[PYTHON] What is your "Tanimoto coefficient"?

A well-known index when talking about the similarity of compounds is the "Tanimoto coefficient". However, there are quite a few people who only say "Tanimoto coefficient", and there are quite a few opportunities to agonize over "Isn't that enough to explain?"

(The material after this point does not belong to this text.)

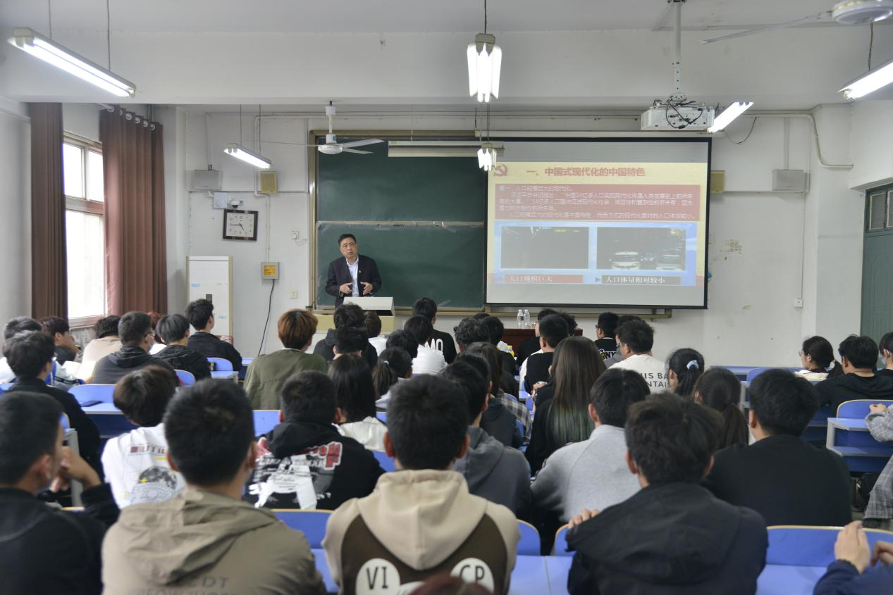 4月13日下午,副校长李凯灿在A09-304教室为计算机科学与信息工程学院2022级网络工程专业和土木与建筑工程学院建筑学专业80余名学生讲授思政课。

For example, use the following compound set

The number of compounds is 10.

smiles = [
    'C1=CC=C2C3CC(CNC3)CN2C1=O',
    'CN1c2c(C(N(C)C1=O)=O)[nH0](CC(CO)O)c[nH0]2',
    'CN1C2CC(CC1C1C2O1)OC(C(c1ccccc1)CO)=O',
    'CN1C2CC(CC1C1C2O1)OC(C(c1cccnc1)CO)=O', #Similar to the compound above
    'CN(C=1C(=O)N(c2ccccc2)N(C1C)C)C',
    'CN(C=1C(=O)N(C2CCCCC2)N(C1C)C)C', #Similar to the compound above
    'OCC1C(C(C(C(OCC2C(C(C(C(OC(c3ccccc3)C#N)O2)O)O)O)O1)O)O)O',
    'OCc1ccccc1OC1C(C(C(C(CO)O1)O)O)O',
    'OCc1cc(N)ccc1OC1C(C(C(C(CO)O1)O)O)O', #Similar to the compound above
    '[nH0]1c(OC)c2c([nH0]cc[nH0]2)[nH0]c1',
]

Generating compounds with RDKit from SMILES notation

from rdkit import Chem

mols = [Chem.MolFromSmiles(smile) for smile in smiles]

Generate Morgan fingerprint (a type of)

from rdkit.Chem import AllChem

fps = [AllChem.GetMorganFingerprint(mol, 3, useFeatures=True) for mol in mols]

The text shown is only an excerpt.